— Кабы знать, — сокрушённо вздохнул Кузьма. — Всё и шитости: мало своего царя — подавай чужого. Вы и сами...
— Куда уж мы! — шустро вскинулся старичонка, и толпа согласным шумом поддержала его. — Нам всё едино, кто в царях, абы лад был. А где он, лад-то? Ждали его, медали — терпежу нет... Вот и зашаталися.
— Истинно молвит, податься некуда, — иерихонской трубой загудел длинный и тощий мужик в сером войлочном колпаке. — Поборами замучены. Подушные, стрелецкие, полоняничные — за всё плати. По мосту проехал — денежка, в торговый ряд встал — другая. Дух не перевести. На вольных наших землях поместья нарезают, господ сажают.
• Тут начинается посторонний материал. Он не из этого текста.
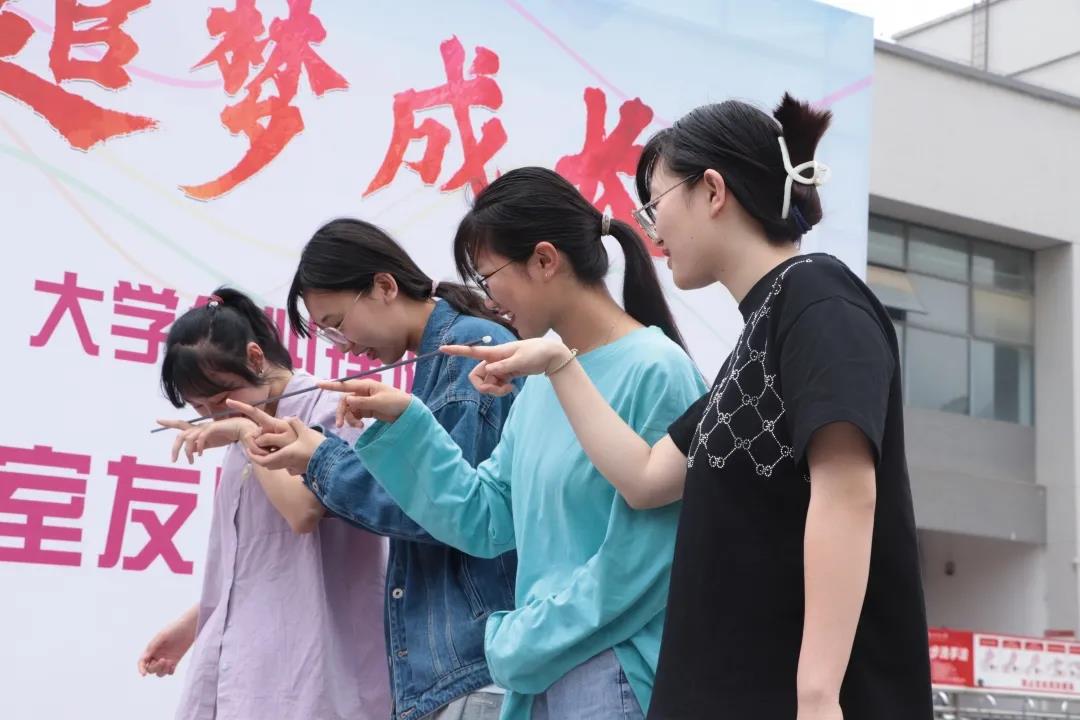 活动过程中,参与同学以寝室为单位通过挑战“不倒森林”、“你写我猜”、“摸石头过河”、“四人三足”、“袋鼠跳+指压板”、“齐眉杆”等六个趣味项目来考验室友成员间的团结协作与默契。随着活动的开展,越来越多同学参与到活动中,整个活动秉承“友谊第一,比赛第二”的原则,充满了欢声笑语。
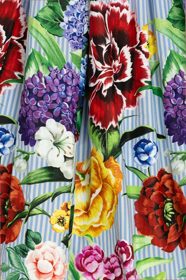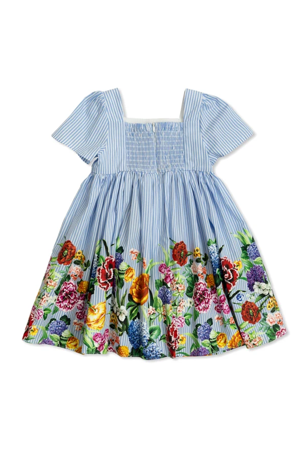Introducing the Floral Motif Dress from the exclusive Dolce & Gabbana Kids collection, a true masterpiece for young fashion enthusiasts. This enchanting dress features a short-sleeved, square-necked silhouette that gracefully flares, offering an elegant and girlish charm.
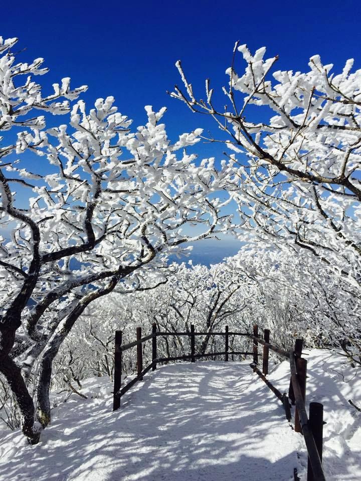 덕유산은 곤돌라를 이용하면 정상 근처까지 편하게 오를 수 있어 겨울철 인기 있는 산행지입니다. 설천봉에서 향적봉까지 이어지는 능선은 눈꽃 터널로 유명합니다.
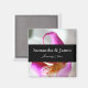 Attrayant aimant mariage d'orchidées blanches et violettes personnalisé avec vos noms et votre date.
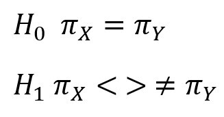 What are the hypotheses for a two sample binomial proportion test?
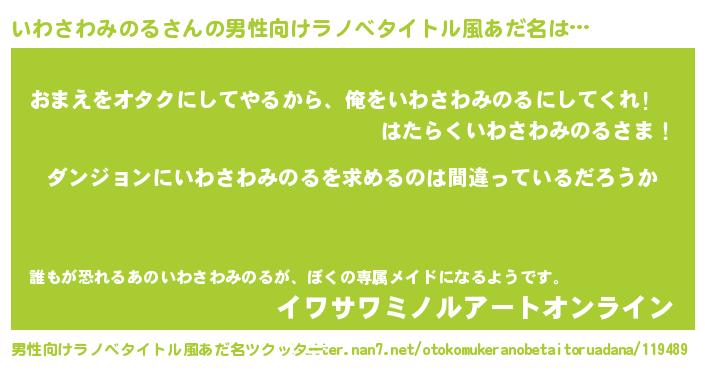 | 女子向けラノベタイトル風あだ名 | 『いわさわみのるの卵を拾いまして』 |
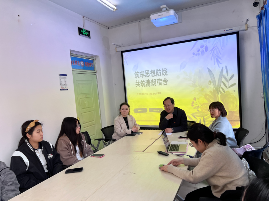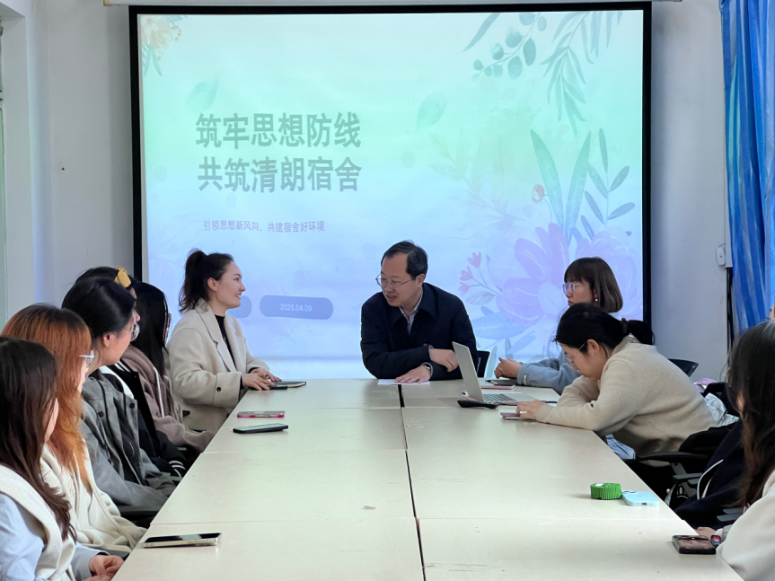 在座谈会上,陈德民书记强调,新时代青年学生要始终保持政治清醒,增强辨别力,自觉抵制错误思潮。他指出,宿舍是学生成长的“第二课堂”,应当树立正确价值观,共建风清气正的宿舍文化,科学规划时间,平衡学习与生活,营造积极向上的学习氛围。侯旭老师和努尔妮萨老师与同学们深入交流,勉励大家珍惜大学时光,加强朋辈互助,提升自我管理能力,实现全面发展。
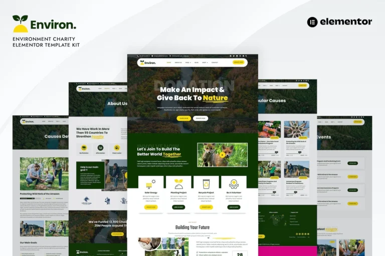 Environ – Plantilla de Kit de Elementor de Caridad Ambiental creada especialmente para construir sitios versátiles como energía, reciclaje, caridad, crowdfunding, recaudación de fondos, tierra, ecológico, medio ambiente y todos los demás sitios web ambientales sin una sola línea de código.

Юрьева-то дня ровно и не было, единые заповедные лета покатилися: беги — не убегёшь, на место воротят. А Дмитрий, что в Тушине-то, полную волю сулил за дешевизну.
— Вон оно как обернулося, — заговорил Кузьма. — Свой на своего пошёл. Мужик, аки приблудный лях, стал: токмо бы воровством промышлять да честный люд зорить. На слезах да крови разживаться.
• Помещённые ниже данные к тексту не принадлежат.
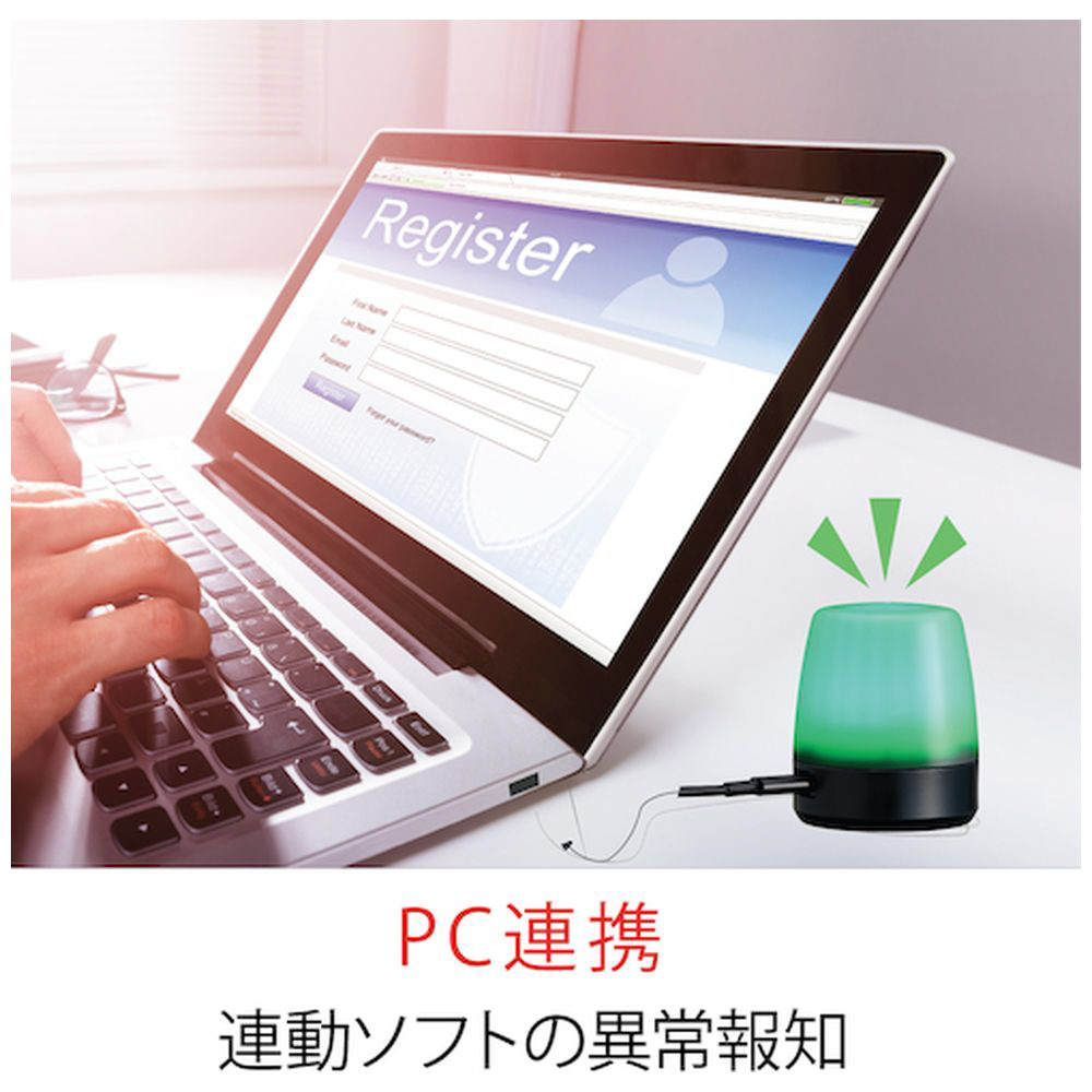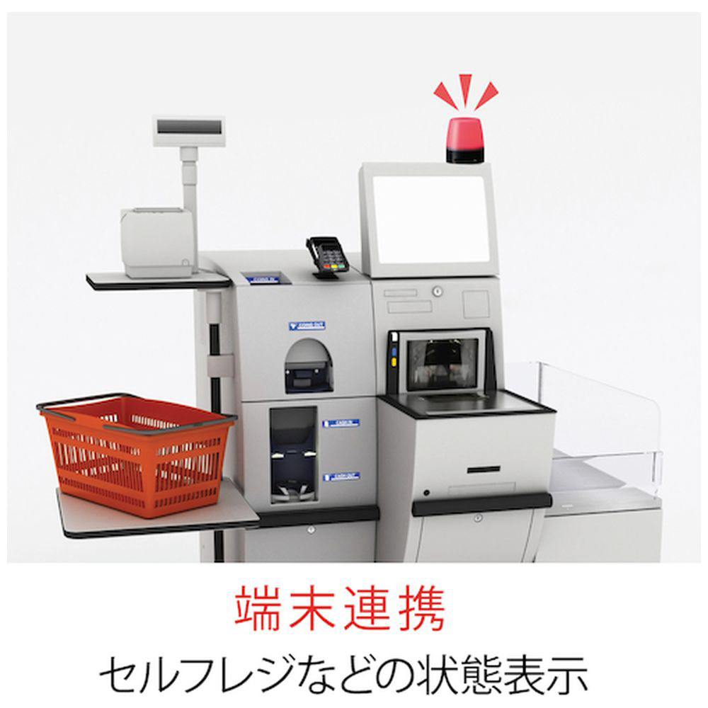 ・セルフレジなどの状態表示、プリンタなど、PC制御装置の状態報知、PCと連携し、連動ソフトの異常報知など。

— По твоему разумению, Минин, — прервал его рыжий старичонка, — пущай своя плеть хлещет, хоть и лютее — зато своя.
— Царю виднее, — смешался Кузьма.
— То-то и оно, — досадливо тряхнул бородёнкой рыжий. — Пошто же ты за нас вступился?..
Не распрягая лошади, Кузьма наведался к сестре. Когда он с Фотинкой вошёл в горницу, Дарья кинулась ему на грудь, заплакала. С блёклым снулым лицом, простоволосая, в застиранной паневе она показалась ему такой жалкой и слабой, что ему самому впору было прослезиться.
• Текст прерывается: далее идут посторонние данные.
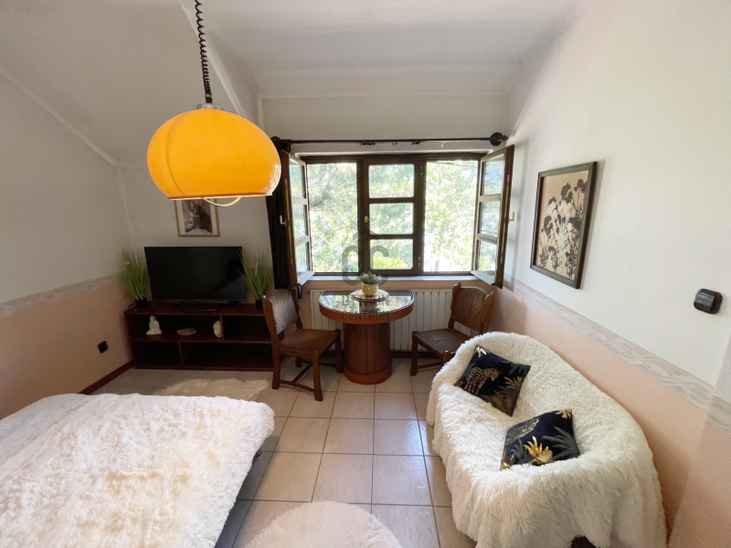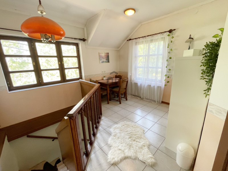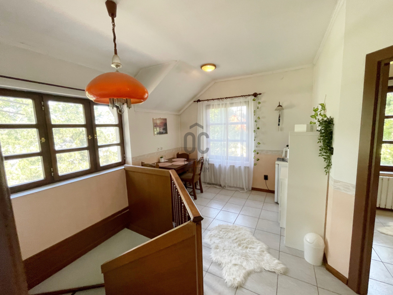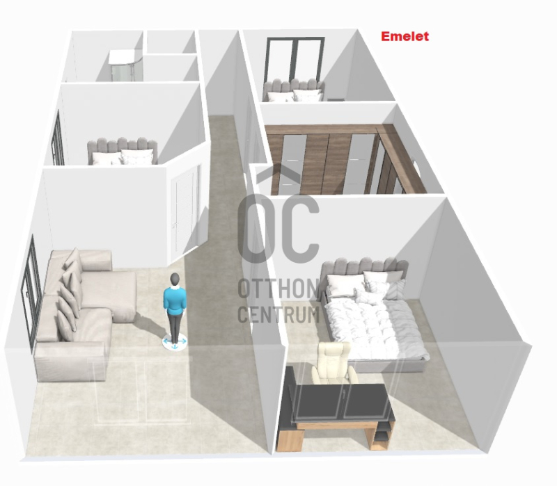 Az emeletre kényelmes lépcső vezet fel, ahol három hálószoba, gardrób, fürdőszoba és külön WC került kialakításra. Egy kisebb teakonyha is helyet kapott ezen a szinten, ami ideálissá teszi az ingatlant kétgenerációs otthonként való használatra is. A tetőtéri szobák mindegyikéből lenyűgöző panoráma nyílik a Dunára, így a természet közelségét minden évszakban élvezhetjük.
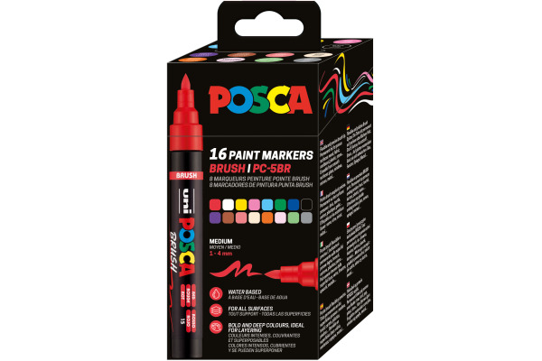 uni POSCA Brush Marker PC-5BR Set 16 Stk

— Побойся Бога, Дашутка, — ласково утешал он. — Перестань влагой кропить. Аль я не в радость тебе?
— В радость, в радость, Кузьма, — отвечала она, вытирая ладонями мокрые щёки. — В кои-то веки пожаловал, ужель не в радость!.. Ой, да что же я, — засуетилась тут же она, — чай, голоден? Хоть и заговенье ныне, для тебя согрешу. Фотинка, ну-ка лезь в погребицу за медвежатинкой!..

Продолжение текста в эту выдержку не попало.